Monday, June 21, 2010

Day 1 at IHI's Improvement Advisor Course

I'm a student again and loving it. I'm joined by 26 other students from around the world, representing 10+ countries. In my table of six, fellow students are coming from Afghanistan, Russia, India, and the US. We're all here to learn the same thing: how to improve quality in low-resource settings, in a way that's sustainable and scaleable. Many represent hospitals or lead projects to decrease maternal mortality or ensure their institutions are more patient-centric. Quite a few come from URC, an organization that works with USAID to improve healthcare quality abroad. While most are clinicians, others are country heads of their organization and quite a few of us have business backgrounds... which is helpful, since "What's the business case for quality improvement?" is an important question that often gets ignored in conversations such as this.

It's still morning of Day 1, but already learning a ton. The first morning is around the "Model for Improvement", which encompasses three questions for every quality improvement project:
1) What are we trying to accomplish?
2) How will we know that a change is an improvement?
3) What changes can we make that will result in improvement?

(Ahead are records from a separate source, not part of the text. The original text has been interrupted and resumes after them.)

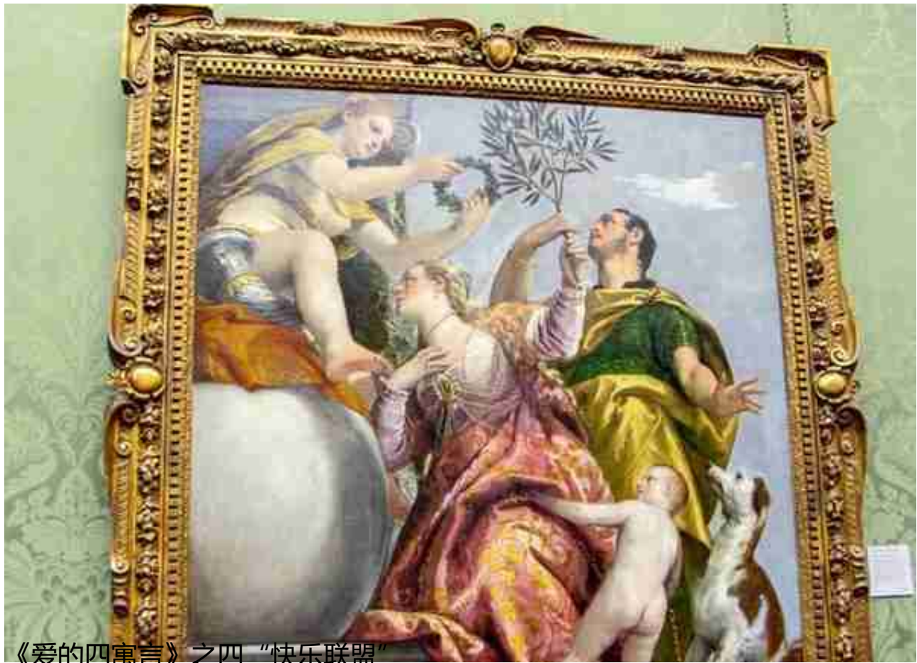
《爱的四寓言》之四“快乐联盟”

来 国家美术馆的游客比刚才的国家肖像馆的要多得多，在一些热门展厅的休息凳上都坐满了。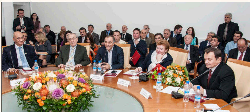
Участники Конференции «15 лет вместе»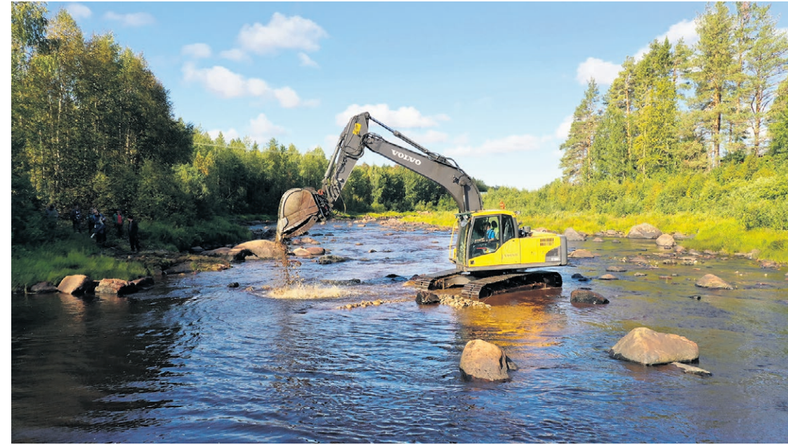
Kutosoran levitystä Näsiönkoskella Kuivajoella.

vajoen kunnostuksessa. Kuivajoen ja Olhavanjoen kunnostushankkeita pyritään jatkamaan lisärahoituksen turvin seuraavina kesinä.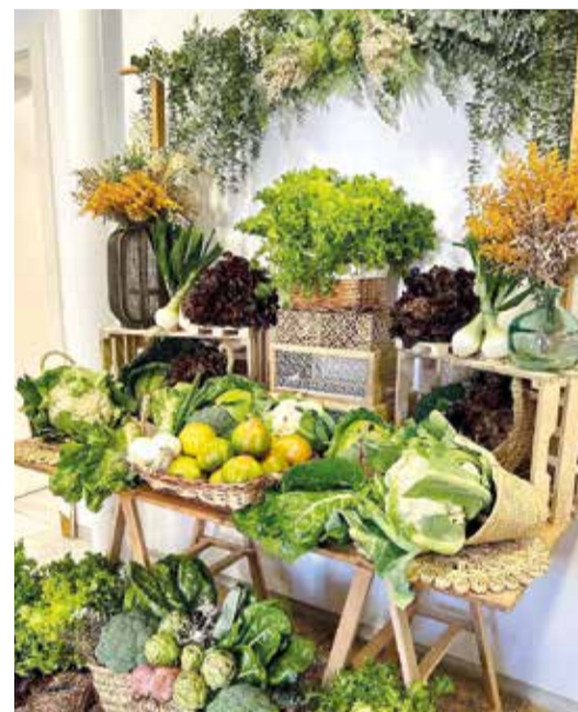
Els productes de l'horta de Meliana són els protagonistes en la presentació dels actes.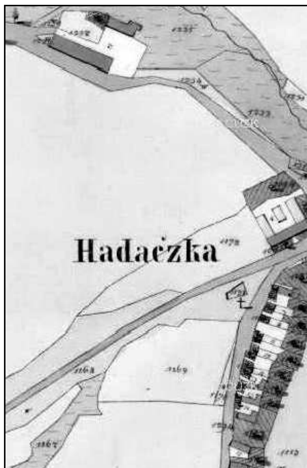
Situace roku 1839. Nahore ovčín, uprostřed hostinec Dyškánka, dole novější část Hadačky.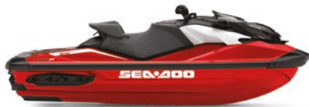
NEW Fiery Red Premium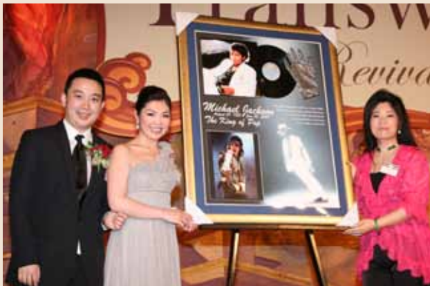
米高積遜親筆簽名相片紀念套裝獨一無二，值得收藏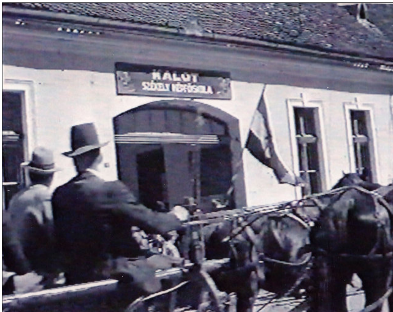
Az ideiglenes KALOT Székely Népfőiskola 1941. május 18-án (Püünkösöd). Archív felvétel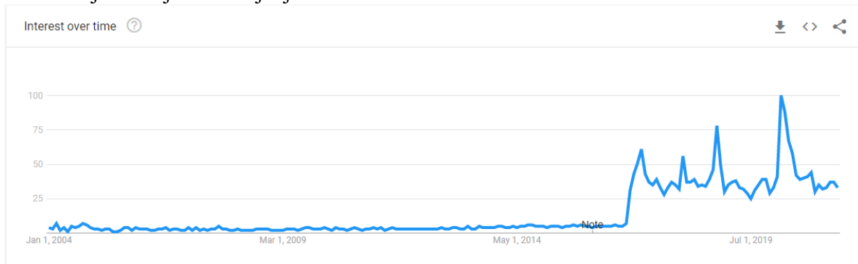
Slika 1: Traženost termina “fake news” (hrv. lažne vijesti) na tražilici Google. Prvi puta se ozbiljno pojavljuje krajem 2016. i početkom 2017., a vrhunac dostiže upravo u ožujku 2020. kada se službeno smatra da je počela pandemija koronavirusa.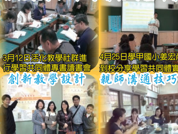
3月12日活化教學社群進行學習共同體專書讀書會 創新教學設計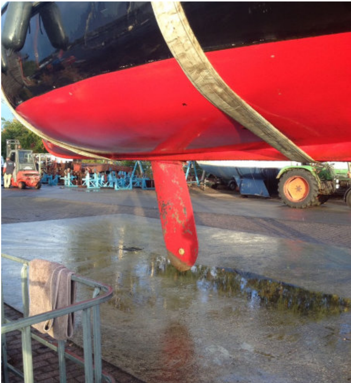
Inspectie van het zwaard, net voor de winterstalling

De boot gaat elk jaar op de kant, tijdens de winterstalling onder een dekkleed. Elk jaar worden alle rondhouten geschuurd en gelakt.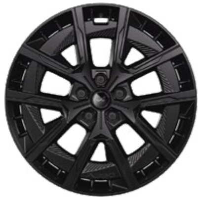
20" CRISTAL MATTSVART [ATELIER FÄLG]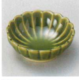
98-44-717 織部菊型珍味 370円 6.4×2.3cm 09844717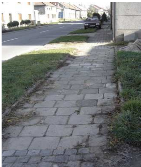
Chodník zbrojnice – Hliník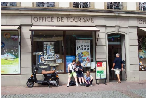
l' office de tourisme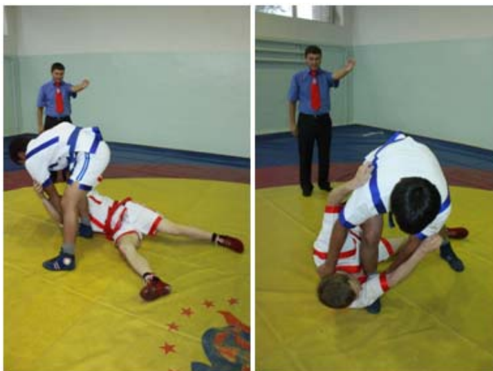
9 – сурет. «Жартылай жеңіс» белгісін көрсету әдісі

Оң не сол қолын иығының деңгейіне көтеріп, алақанының қырымен төмен көрсетеді. (8,9 – сурет)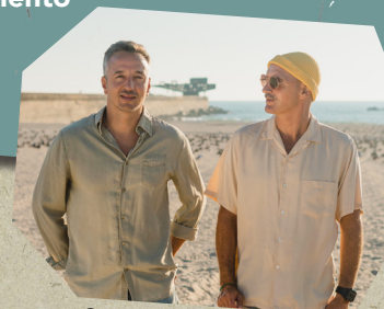
Souls of Fire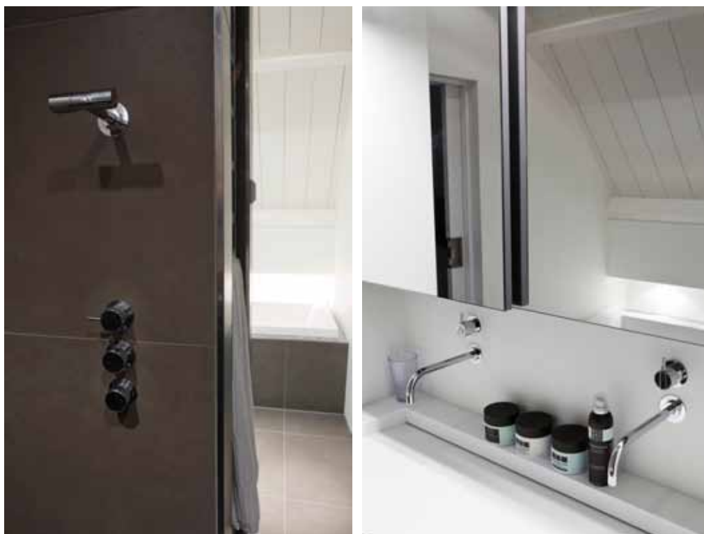
Badombouw en douchevloer kregen dezelfde tegels. Ook hier is er oog voor detail.

voorkomen werd besloten de verlichting via domotica te bedienen. Geen ingewikkeld gedoe, maar een handige omgevingsbesturing die de kwaliteit en het comfort van de woning verbetert. Met één druk op de knop zorgt het systeem – eveneens instelbaar via laptop of computer – voor het aan- en uitdoen van het licht en de open haard, het openen en sluiten van gordijnen of de juiste klimaatbeheersing.

Concurrent with that is Deming's PDSA cycle:
Plan - Do - Study - Act, which can be considered the "scientific method" for improvement. I really liked the quote: "Failing often to succeed sooner" -- which seems much easier to say than to implement.

To reinforce this, we played a game around predicting the number of the next card. Some reflections from this:
- Keep the theory simple and use evidence to refine theory
- Recognize that everyone will be at varying degrees of belief that the change will result in improvement -- can't force someone to jump to implementation

And just like school, we have 150+ pages of reading for tonight. That part perhaps is not as fun (especially when the World Cup is on!), but I wouldn't want to be anywhere else.